On the day Kael Veyron was born, the world split open above Nuvora. Fire rained from the clouds. Towers collapsed like sandcastles. The air turned to ash. People screamed, but the sound was swallowed by something deeper — a silence that didn't belong to this world.
They called it the Collapse.
No one knew what caused it. Some blamed rogue tech. Others whispered about dimensional fractures. But the truth was buried — not in data, but in memory.
Elira ran through the burning city with a newborn wrapped in cloth and blood. Her boots cracked glass. Her breath came in gasps. Her arms trembled, but she didn't stop.
Kael didn't cry.
He didn't blink.
He stared at the sky as if he recognized it.
Elira knew she couldn't save the city. But she could save him.
She turned down an alley, past a shattered monument, into a tunnel that hadn't existed the day before. It was carved into the mountain like a wound — a cave that pulsed with something ancient.
Waiting inside was a man in a cloak.
He didn't speak. He didn't move.
But Elira knelt before him and placed Kael in his arms.
"He's not ready," she whispered. "But he's all that's left."
The man nodded.
Elira touched Kael's forehead.
"You are more than this world, Kael…"
Then she stood.
And walked back into the fire.
The man didn't cry. He didn't comfort. He carried Kael into the cave, past walls that shimmered with memory, into a chamber that pulsed like a heartbeat.

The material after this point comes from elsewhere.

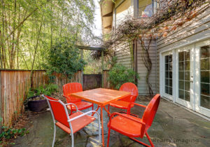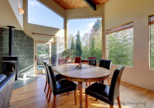 248 NW Seblar Ct is in many ways my ideal house. Every room opened out to it’s own Japanese influenced garden. High ceilings with huge windows kept you in touch with what was happening outside but a fireplace and a wood stove kept you warm and secure. A generator kept all systems running should the weather knock out the power, as sometimes happens at this elevation above the city. The home has a serene feel from the extensive use of wood and stone: big solid beams, tongue-and-groove cedar ceilings, oak and stone floors. Distinct intimate spaces to read, craft or play piano opened to each other for large groups. A few steps allowed the house to follow the lines of the gently sloping site. The artful gardens opened to each but still gave privacy for each of the rooms they were connected to. A unique 20′ tall greenhouse provided space to shelter delicate plants in the winter and to get an early start on seedlings. An oversize garage with a loft provided lots of space to do messy projects.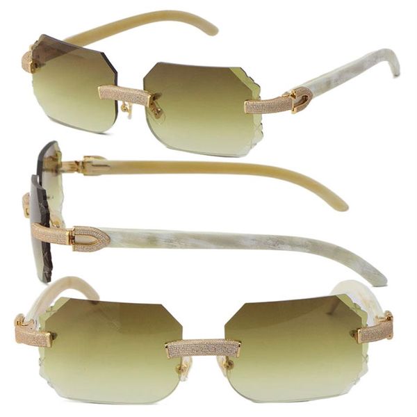 2022 new micro-paved rimless luxury diamond set sunglasses white genuine natural buffalo horn sun glasses rocks frame male and fem222o, White;black

He placed the child on a stone altar. Kael stared at him. The man reached into his coat and pulled out a pendant — black metal, a spiral inside a triangle. He placed it on Kael's chest. The cave responded immediately. It screamed, not with sound — but with sensation. A rush of heat, grief, and something sharp. The walls flickered. The air thickened. Kael's eyes glowed faintly. Then it stopped as the man lifted him, and the cave went silent.
Kael grew up in the shadows of Nuvora — a city rebuilt on silence. He lived in a small apartment with no windows, attended school with children who didn't speak to him, and ate meals that tasted like dust.

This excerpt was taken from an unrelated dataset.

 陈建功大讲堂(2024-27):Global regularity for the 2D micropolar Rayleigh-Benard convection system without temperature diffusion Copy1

He didn't remember Elira's face. Only her voice.
"You are more than this world, Kael…" He didn't know what she meant. He only knew the pendant pulsed. Sometimes faintly. Sometimes violently. And sometimes, when Kael was alone, the cave would whisper to him — not in words, but in memories that weren't his. He saw battles. He saw betrayal. He saw a boy who looked like him, standing at the edge of something vast and terrible.
He didn't understand, but he felt it. Like a storm waiting to be named.